Figure 2 schematically illustrates a reverb classification unit according to embodiments of the disclosure.

Figure 3 schematically illustrates different steps performed in a reverb classification unit according to embodiments of the disclosure.

Figure 4 schematically illustrates an audio system according to further embodiments of the disclosure.

Figure 5 schematically illustrates an audio system according to further embodiments of the disclosure.

Figure 6 schematically illustrates a method according to embodiments of the disclosure.

DETAILED DESCRIPTION

[0008] The audio system and related method according to the various embodiments described herein allow to simulate different listening environments by adding reverberation to an audio signal. Only comparably little computational load is required, and the resulting audio signal is highly satisfying to listen to, as it comprises only few or even no artifacts. Instead of "blindly" processing an audio signal as is done in conventional audio systems, the audio system and method disclosed herein preform an "informed" processing on an audio signal.

[0009] Generally, by adding 3D or surround information to an audio signal, the listening experience for a user listening to the audio signal can be significantly increased. Especially multi-channel playback provides the possibility of providing the impression to the user that they are located at a certain location or event, while listening to a musical piece. Additional ambience playback can create an envelopment that can be compared to the experience of being at a live event. For example, if a center signal of a multi-channel audio signal is extracted and added to a centrally positioned speaker, an optimum listening area (so-called sweet spot) can be enlarged and the stability of the front image can be significantly improved. Using 3D speakers, the feeling of a realistic immersion into an audio event can be improved further. There is even the possibility of lifting the stage and playing back overhead effects.

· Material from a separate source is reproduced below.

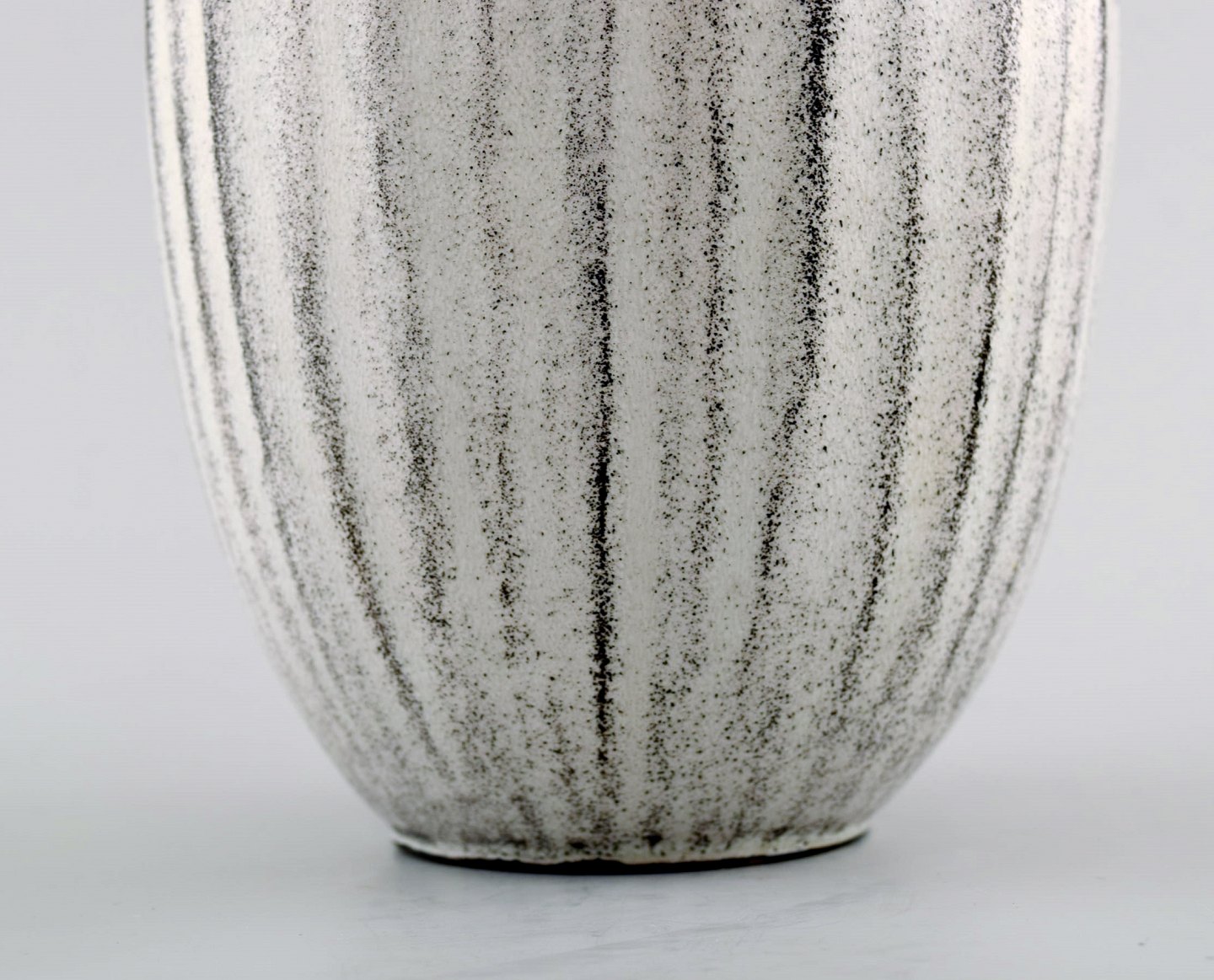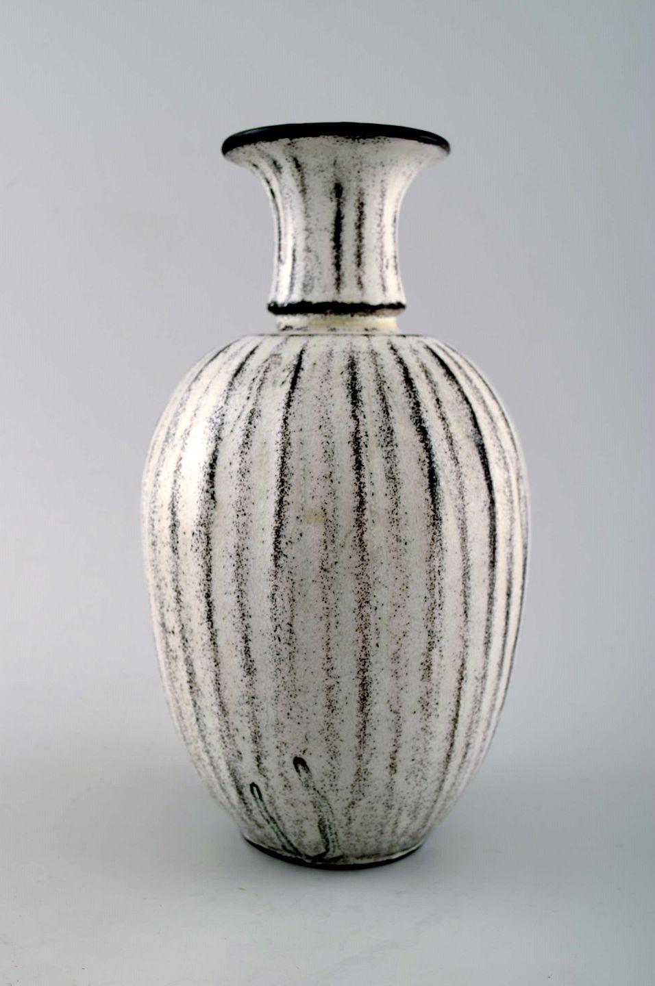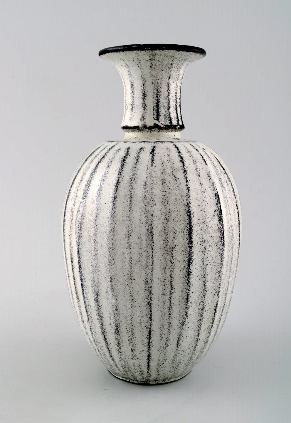 Kähler, Denmark, large glazed vase, 1930s. Rare form. Designed by Svend Hammershøi. Glaze in black and gray. Measures 21 x 12 cm. Stamped. In perfect condition.

[0010] In order to improve the quality of a reproduced sound scene, the perception of the sound scene is often modeled as a combination of the foreground sound and the background sound, which are often also referred to as primary (or direct) and ambient (or diffuse) components, respectively. The primary components consist of point-like directional sound sources, whereas the ambient components are generally made up of diffuse environmental sound (reverberation). Due to perceptual differences between the primary components and the ambient components, different rendering schemes are generally applied to the primary components and the ambient components for optimal spatial audio reproduction of sound scenes. Channel-based audio, however, only provides mixed signals. Some approaches, therefore, focus on extracting the primary components and the ambient components from the mixed signals. Known methods which may include, e.g., ambience estimation in the frequency domain, often require a large computational load, and the resulting audio signal often is not satisfying to listen to, as it comprises a significant amount of artifacts.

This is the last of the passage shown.